Sometimes you have to interact with your ex, especially if you have children. It is extremely important to realize and accept that even though your ex may look like the same person you married, you are no longer a couple. You no longer have a personal or intimate relationship with him/her.

If you must interact, treat the relationship as a “managerial” or “business” relationship with no personal emotional connection involved. Your goal is to act like you would when interacting with a bank teller when cashing a check or interacting with a customer service representative when returning a defective product at Best Buy. You are friendly, factual and complete your business. Then you leave and go on with your day.

So what is the point?

I know, this may sound extreme. You say, “I lived with this person for years, and now I’m supposed to believe he doesn’t exist?” No, that’s not what I’m saying. I agree, you lived with this person for years and you have a shared history.

However, you are now making the transition from being paired with that person to starting a new chapter in your life without that person. To do that successfully, you need to cut your emotional bonds to your life with your ex that you had built over all those years. You keep the memories. But you must release the emotions that those memories used to trigger.

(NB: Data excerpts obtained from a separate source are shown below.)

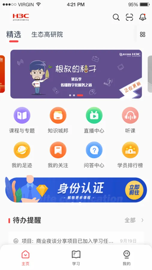 根据岗位技能及个人兴趣,收听收看个人专属的推送课程;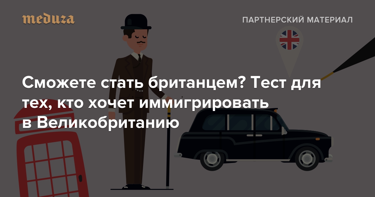 В Великобритании живет более ста тысяч русскоговорящих граждан и выходцев с постсоветсткого пространства. Иммигрировать непросто, но британское законодательство понятное и последовательное, так что шанс есть. Вместе с юридической компанией Law Firm Limited проверяем ваше знание иммиграционных тонкостей.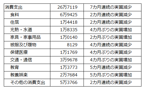 9月の二人以上の世帯の消費支出は26万7119円で7カ月連続の減少である。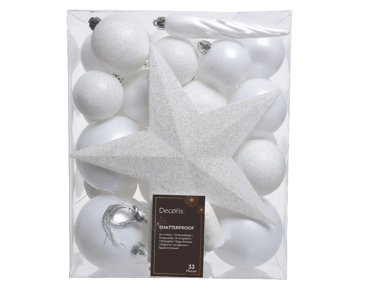 Een verpakking bevat 33 stuks plastic kerstballen én een ster piek. De kerstballen hebben verschillende formaten en zijn er in glans, mat en glitter.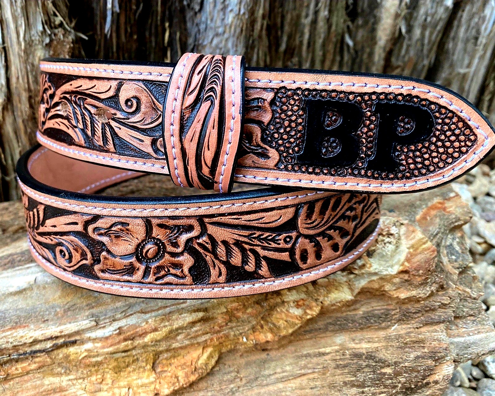 This belt is handmade and will last a lifetime. Hand cut and tooled. It is sealed with a water resistant sealer to protect it from everyday wear and tear. The belt is stitched with sturdy leather and has a stitched edge for added durability and strength.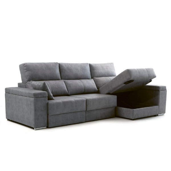 La chaiselongue siempre va con arcón y este modelo lleva de serie arcón en ambos brazos, «todos los espacios disponibles para guardar cosas siempre vienen bien».

The choice becomes: Will she give in to the emotions triggered by her memories to the detriment of a successful recovery from the divorce? Or will you keep your eye on the prize and allow the good and bad memories to transform into a feeling of indifference that will allow you to recover quickly and successfully from the divorce?

How are you supposed to do this?

Dissolving resistance to change is the key

Letting go of your emotional reactions to the life you lived with your ex and replacing them with detached indifference represents a big change in how you think about your ex and your life. Making this change will be met with significant resistance.

The key to a successful recovery is dissolving That resistance will result in strong emotional reactions to your ex being replaced by a deep new sense of indifference. Only then will he truly free himself from the baggage of the past and be ready to forge his new future.